Brief ::
Reproduce the entries exactly and omit the pictures.

Data supplied ::
******

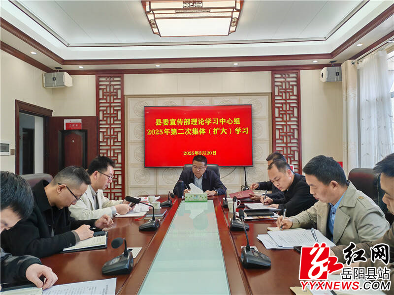岳阳县融媒体中心3月21日讯(通讯员 李佳幸)3月20日,县委宣传部理论学习中心组举行2025年第二次集体(扩大)学习,深入学习领会习近平总书记关于保障和改善民生的重要论述和学习贯彻《中国共产党巡视工作条例》,县委常委、宣传部部长张哲君主持并作总结讲话,县委宣传部理论学习中心组成员以及各办室负责人参加。
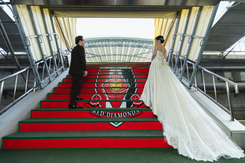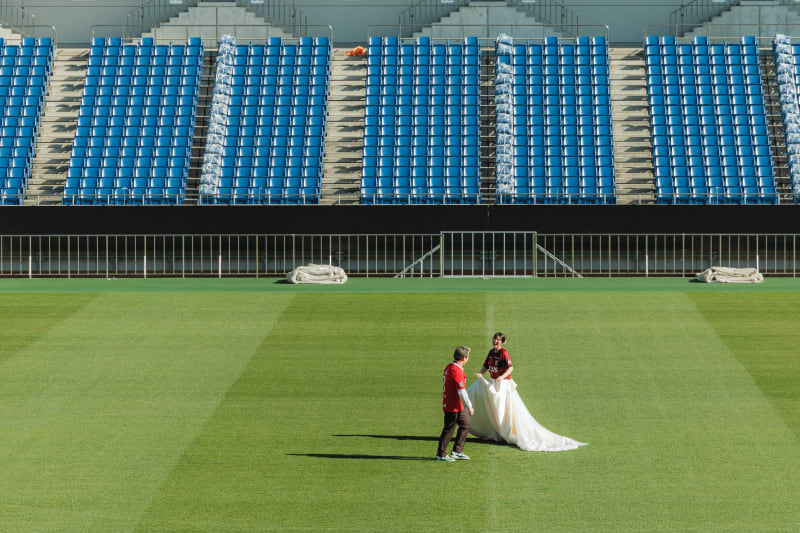 いつも客席から見ているピッチに入っての撮影は、一生の思い出に残ること間違いなしですね!
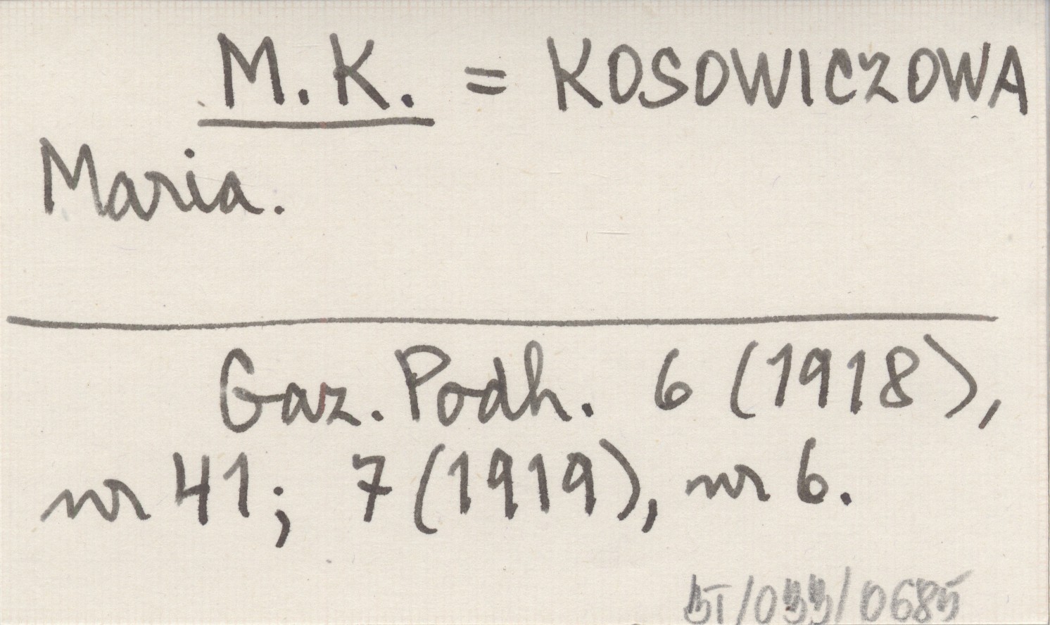 M. K. KOSOWICZOWA Maria Gazeta Podhalańska 6 (1918), nr 41 ; 7 (1919), nr 6.
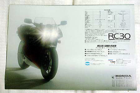 | 1987年から、室内保管されているRC30が出品されました オーナーさんは発売時に購入希望の予約を入れましたが、1000台、限定販売の為 希望者が大勢居た為に抽選となり、残念ながら購入できませんでした、 その後、新車を探しつづけて、とうとう新車で保管していた人を見つけて手に入れる事が出来ました。 苦労の末に手に入れたRC30を大事に、ガレージ奥の居間に上げて、ガラスケースに入れてある のが下の一枚目の写真です。 オーナーさんが、購入した金額は200万円でした、そして、今回、増えた車両を整理する為に その価値の分かる人に譲りたいとの事で出品されました。 書類は、完成検査証明書(勿論、期限切れ)と、取り扱い説明書があります。 別売品のHRCキット(未使用新品 約30万円)20万円で譲ります。 以下が、当時のプレスリリースです。 1987年7月24日 高度な技術や素材を広範にわたり採用したハイグレードな スーパースポーツバイク「ホンダ・VFR750R」を発売 本田技研工業(株)は、世界耐久選手権シリーズで、 1985〜6年度の2年連続チャンピオンを獲得したレースマシン「ホンダ・RVF750」の 高度な技術をもとに開発し、チタン合金などの高価な軽量素材を多用したハイグレードな スーパースポーツバイク「ホンダ・VFR750R」を、8月31日より発売する。
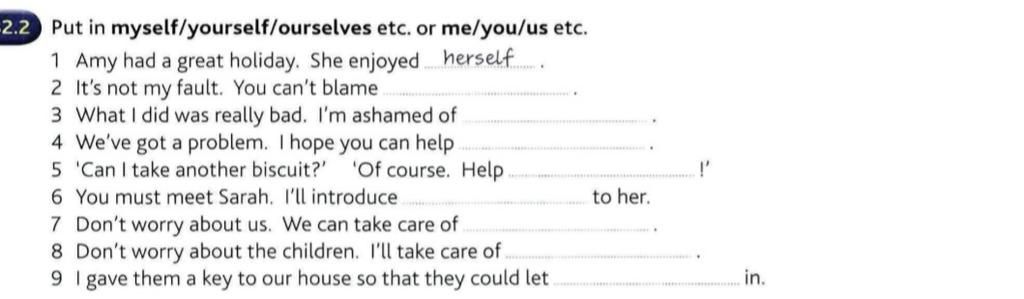 2.2 Put in myself/yourself/ourselves etc. or me/you/us etc.
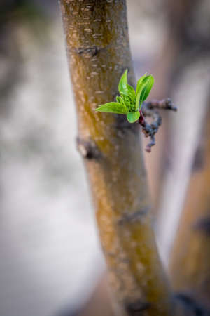 Budapest, Hungary - 25 January, 2020: the first small leaf bud newly formed on a thin branch of a bush at the beginning of spring
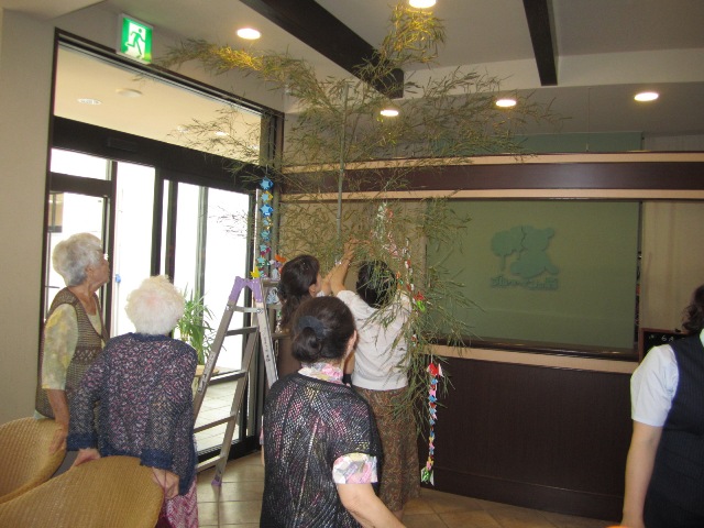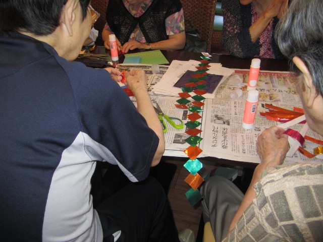 さて今日は、七夕を前に、皆様と賑やかに「笹飾り」を作りました。

******

Answer box ::
岳阳县融媒体中心3月21日讯(通讯员 李佳幸)3月20日,县委宣传部理论学习中心组举行2025年第二次集体(扩大)学习,深入学习领会习近平总书记关于保障和改善民生的重要论述和学习贯彻《中国共产党巡视工作条例》,县委常委、宣传部部长张哲君主持并作总结讲话,县委宣传部理论学习中心组成员以及各办室负责人参加。
 いつも客席から見ているピッチに入っての撮影は、一生の思い出に残ること間違いなしですね!
 M. K. KOSOWICZOWA Maria Gazeta Podhalańska 6 (1918), nr 41 ; 7 (1919), nr 6.
 | 1987年から、室内保管されているRC30が出品されました オーナーさんは発売時に購入希望の予約を入れましたが、1000台、限定販売の為 希望者が大勢居た為に抽選となり、残念ながら購入できませんでした、 その後、新車を探しつづけて、とうとう新車で保管していた人を見つけて手に入れる事が出来ました。 苦労の末に手に入れたRC30を大事に、ガレージ奥の居間に上げて、ガラスケースに入れてある のが下の一枚目の写真です。 オーナーさんが、購入した金額は200万円でした、そして、今回、増えた車両を整理する為に その価値の分かる人に譲りたいとの事で出品されました。 書類は、完成検査証明書(勿論、期限切れ)と、取り扱い説明書があります。 別売品のHRCキット(未使用新品 約30万円)20万円で譲ります。 以下が、当時のプレスリリースです。 1987年7月24日 高度な技術や素材を広範にわたり採用したハイグレードな スーパースポーツバイク「ホンダ・VFR750R」を発売 本田技研工業(株)は、世界耐久選手権シリーズで、 1985〜6年度の2年連続チャンピオンを獲得したレースマシン「ホンダ・RVF750」の 高度な技術をもとに開発し、チタン合金などの高価な軽量素材を多用したハイグレードな スーパースポーツバイク「ホンダ・VFR750R」を、8月31日より発売する。
 2.2 Put in myself/yourself/ourselves etc. or me/you/us etc.
 Budapest, Hungary - 25 January, 2020: the first small leaf bud newly formed on a thin branch of a bush at the beginning of spring
 さて今日は、七夕を前に、皆様と賑やかに「笹飾り」を作りました。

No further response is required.